February 8, 2017
Snap has inked a deal for Google Cloud services worth $400 million annually over the next five years, for a total of $2 billion. The deal is a continuation of a partnership that dates back to 2013. Analysts say the $400 million will give Google a “hefty annual bump.” Google doesn’t report numbers specific to its cloud business, but rolls it into all non-advertising revenue. In Q4 2016, Google’s non-advertising sector earned $3.4 billion in sales. The partnership could presage future alliances or mutually beneficial projects.
Business Insider reports that, in early 2016, Snap and Google discussed creating a feature that would let Snapchat users point their cameras at an object and get information about it from Google search, but the project did not go forward.
Pertaining to the recent deal, TechCrunch notes that, “for each of the first four years, Snap will be able to roll 15 percent of that amount over to the next year, but otherwise it will be required to pay the difference if it doesn’t meet the minimum purchase agreement,” adding that, for Snap, the lease represents “a potential risk factor if the platform is discontinued or if it changes its terms of services or policies, among other things.”
The reliance on Google Cloud could also interfere with Snap’s ability to expand into China, where it has yet to establish an operating presence. In its IPO filing, Snap notes that “access to Google, which currently powers our infrastructure, is restricted in China.”

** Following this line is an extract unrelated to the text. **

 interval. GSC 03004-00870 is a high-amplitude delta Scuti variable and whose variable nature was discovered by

Business Insider Intelligence senior research analyst Christina Anzalone compiled a report on cloud computing looking at “the current business considerations for the various cloud solutions” and the state of the market. Her key takeaways are that 67 percent of companies used an Infrastructure-as-a-Service solution in 2015, like the cloud, up from 19 percent the prior year.

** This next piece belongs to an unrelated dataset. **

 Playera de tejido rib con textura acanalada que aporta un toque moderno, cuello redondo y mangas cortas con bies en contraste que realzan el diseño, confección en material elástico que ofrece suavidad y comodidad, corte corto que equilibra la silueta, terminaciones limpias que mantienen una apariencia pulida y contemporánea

She adds that, “while hybrid cloud strategies will remain popular in the near term, the market is likely to shift toward the public cloud over time,” because of falling costs, solutions that address concerns about the public cloud and business practices that depend on the advantages of the public cloud. The exception involves industries that handle sensitive information, which “will likely prefer hybrid and private cloud strategies given regulatory restrictions.”